> GOAL OF THE EXERCISE
Pictures don't belong in the copy; print all the records exactly.
━━━ ENTRIES SHOWN
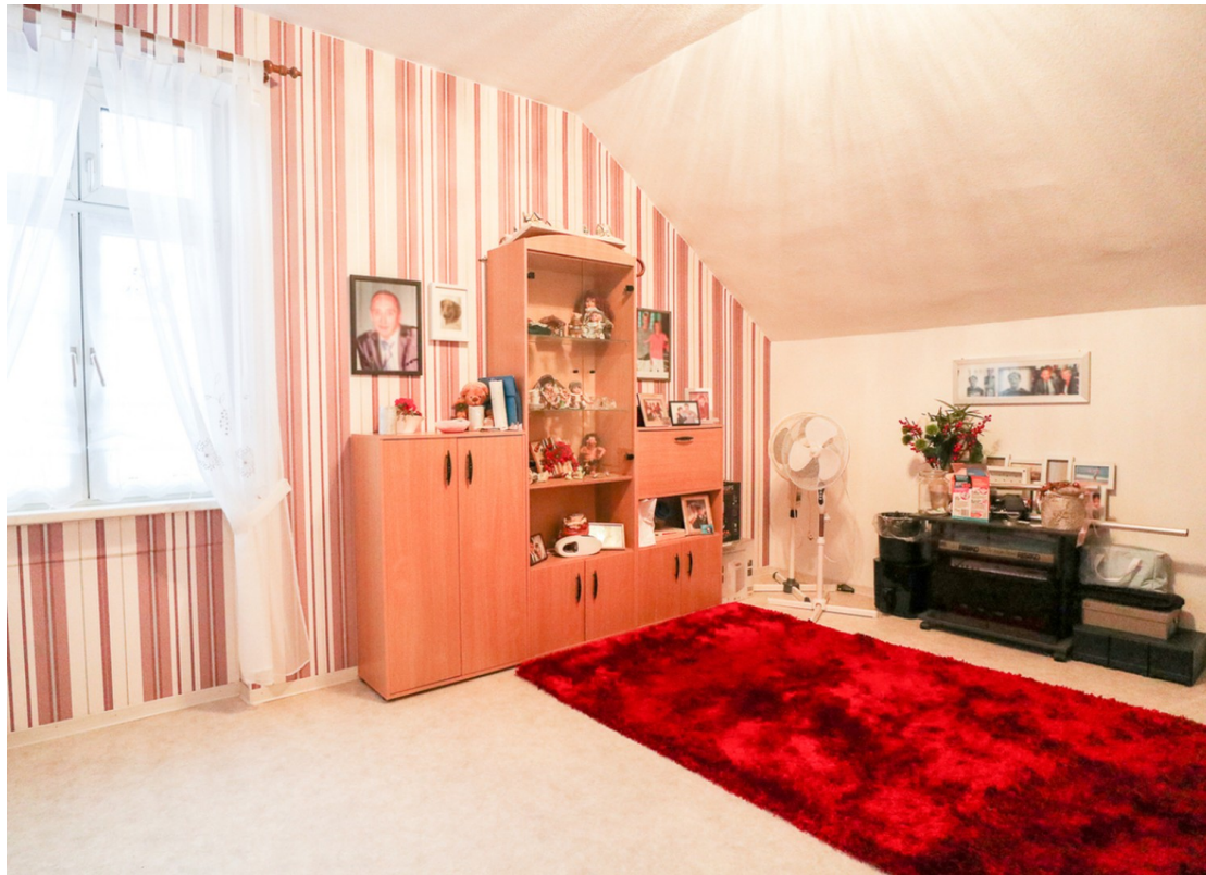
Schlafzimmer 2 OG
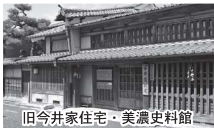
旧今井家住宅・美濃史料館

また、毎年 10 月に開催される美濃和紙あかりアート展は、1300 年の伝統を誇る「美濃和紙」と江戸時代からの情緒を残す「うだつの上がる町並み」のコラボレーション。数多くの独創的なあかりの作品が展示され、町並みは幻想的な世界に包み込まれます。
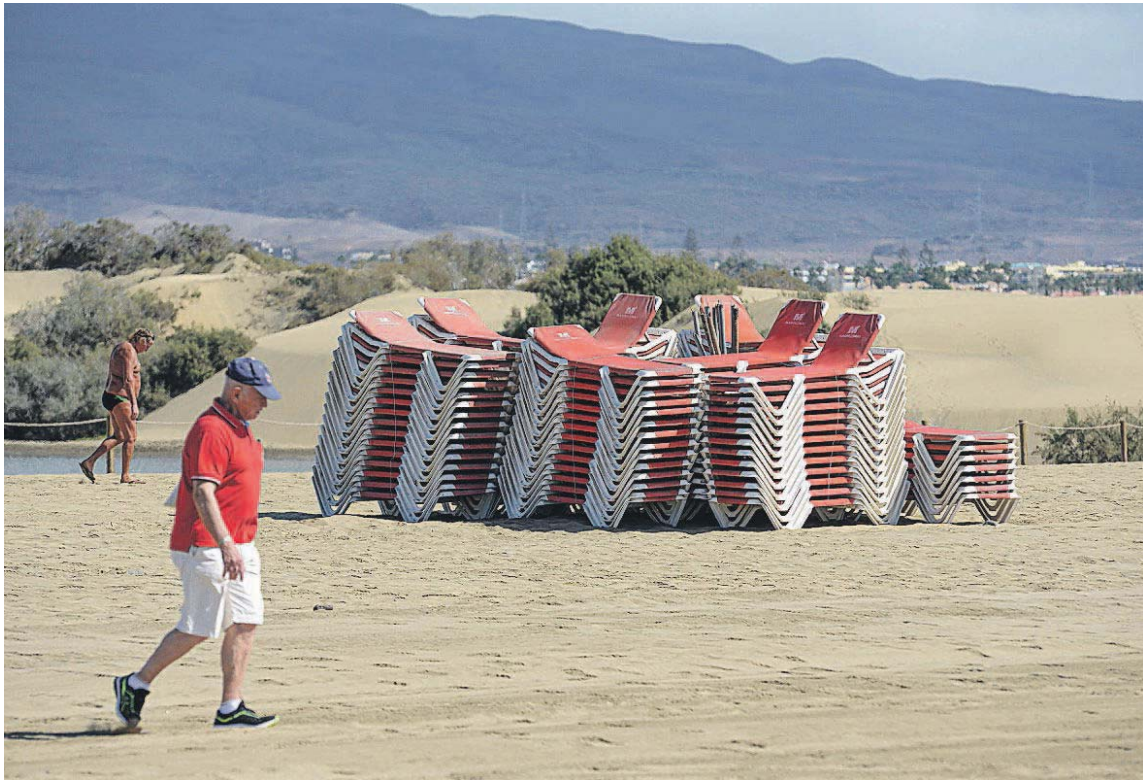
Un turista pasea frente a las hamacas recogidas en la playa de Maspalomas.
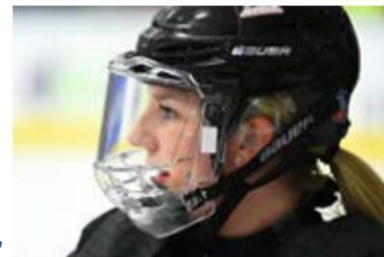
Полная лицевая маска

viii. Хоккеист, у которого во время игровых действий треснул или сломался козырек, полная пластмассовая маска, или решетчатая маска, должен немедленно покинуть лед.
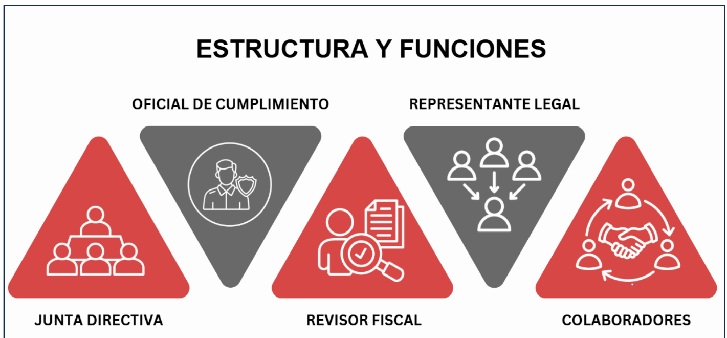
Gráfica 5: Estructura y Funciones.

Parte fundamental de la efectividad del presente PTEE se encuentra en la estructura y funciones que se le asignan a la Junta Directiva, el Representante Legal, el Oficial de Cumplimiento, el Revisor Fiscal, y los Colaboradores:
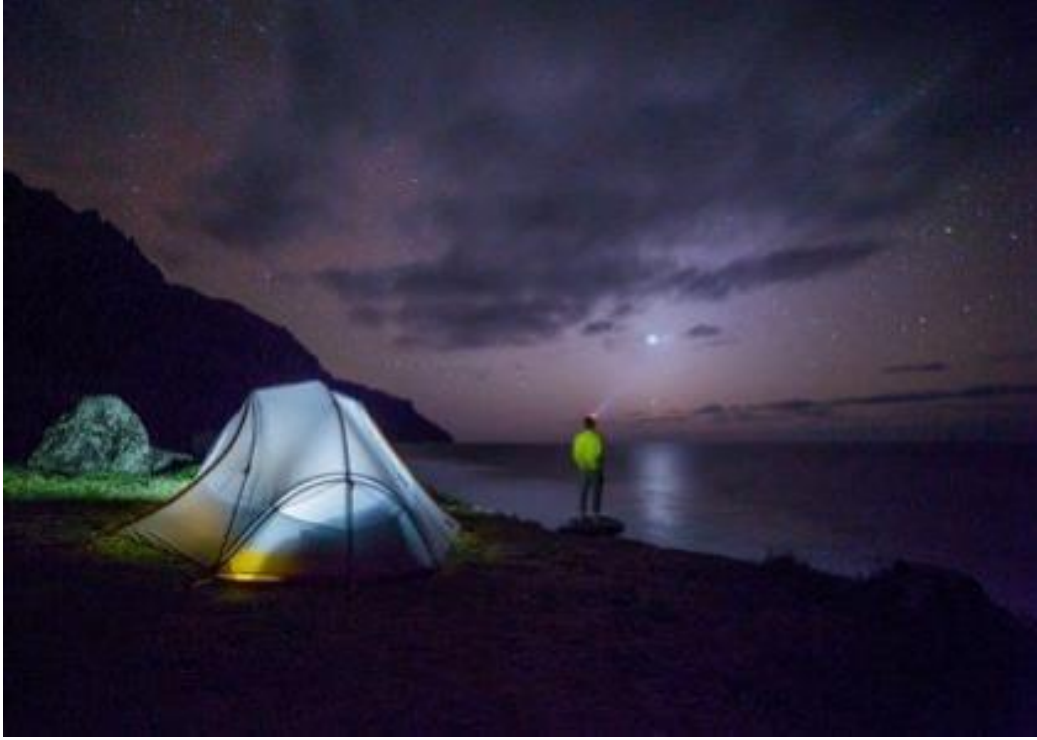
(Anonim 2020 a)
━━━━━━
> WRITTEN SOLUTION
Schlafzimmer 2 OG
旧今井家住宅・美濃史料館

また、毎年 10 月に開催される美濃和紙あかりアート展は、1300 年の伝統を誇る「美濃和紙」と江戸時代からの情緒を残す「うだつの上がる町並み」のコラボレーション。数多くの独創的なあかりの作品が展示され、町並みは幻想的な世界に包み込まれます。
Un turista pasea frente a las hamacas recogidas en la playa de Maspalomas.
Полная лицевая маска

viii. Хоккеист, у которого во время игровых действий треснул или сломался козырек, полная пластмассовая маска, или решетчатая маска, должен немедленно покинуть лед.
Gráfica 5: Estructura y Funciones.

Parte fundamental de la efectividad del presente PTEE se encuentra en la estructura y funciones que se le asignan a la Junta Directiva, el Representante Legal, el Oficial de Cumplimiento, el Revisor Fiscal, y los Colaboradores:
(Anonim 2020 a)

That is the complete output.